From: Ard Biesheuvel <ardb+git@google.com>
To: linux-crypto@vger.kernel.org
Cc: ebiggers@kernel.org, herbert@gondor.apana.org.au,
Ard Biesheuvel <ardb@kernel.org>
Subject: [PATCH v2 4/8] crypto: arm64/aes-ccm - Replace bytewise tail handling with NEON permute
Date: Thu, 18 Jan 2024 18:06:33 +0100 [thread overview]
Message-ID: <20240118170628.3049797-14-ardb+git@google.com> (raw)
In-Reply-To: <20240118170628.3049797-10-ardb+git@google.com>
From: Ard Biesheuvel <ardb@kernel.org>
Implement the CCM tail handling using a single sequence that uses
permute vectors and overlapping loads and stores, rather than going over
the tail byte by byte in a loop, and using scalar operations.

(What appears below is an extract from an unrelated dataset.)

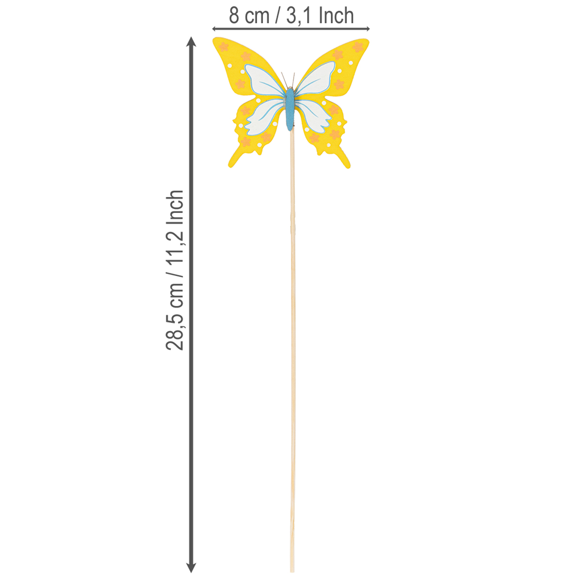 Blomsterpinner, hobbyartikler, sommerfuglmotiv for dekorering av gaveinnpakning, 28,5 cm, 12 stk.
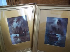 My father bought these rather gloomy, continental looking seascapes at the Wychnor Hall sale in 1976, having been outbid on some Stevengraphs which he fancied better.

This is
more efficient, even though the measured speedup is only around 1-2% on
the CPUs I have tried.
Signed-off-by: Ard Biesheuvel <ardb@kernel.org>
---
arch/arm64/crypto/aes-ce-ccm-core.S | 59 +++++++++++++-------
1 file changed, 38 insertions(+), 21 deletions(-)
diff --git a/arch/arm64/crypto/aes-ce-ccm-core.S b/arch/arm64/crypto/aes-ce-ccm-core.S
index b03f7f71f893..b21a9b759ab2 100644
--- a/arch/arm64/crypto/aes-ce-ccm-core.S
+++ b/arch/arm64/crypto/aes-ce-ccm-core.S
@@ -1,8 +1,11 @@
/* SPDX-License-Identifier: GPL-2.0-only */
/*
- * aesce-ccm-core.S - AES-CCM transform for ARMv8 with Crypto Extensions
+ * aes-ce-ccm-core.S - AES-CCM transform for ARMv8 with Crypto Extensions
*
- * Copyright (C) 2013 - 2017 Linaro Ltd <ard.biesheuvel@linaro.org>
+ * Copyright (C) 2013 - 2017 Linaro Ltd.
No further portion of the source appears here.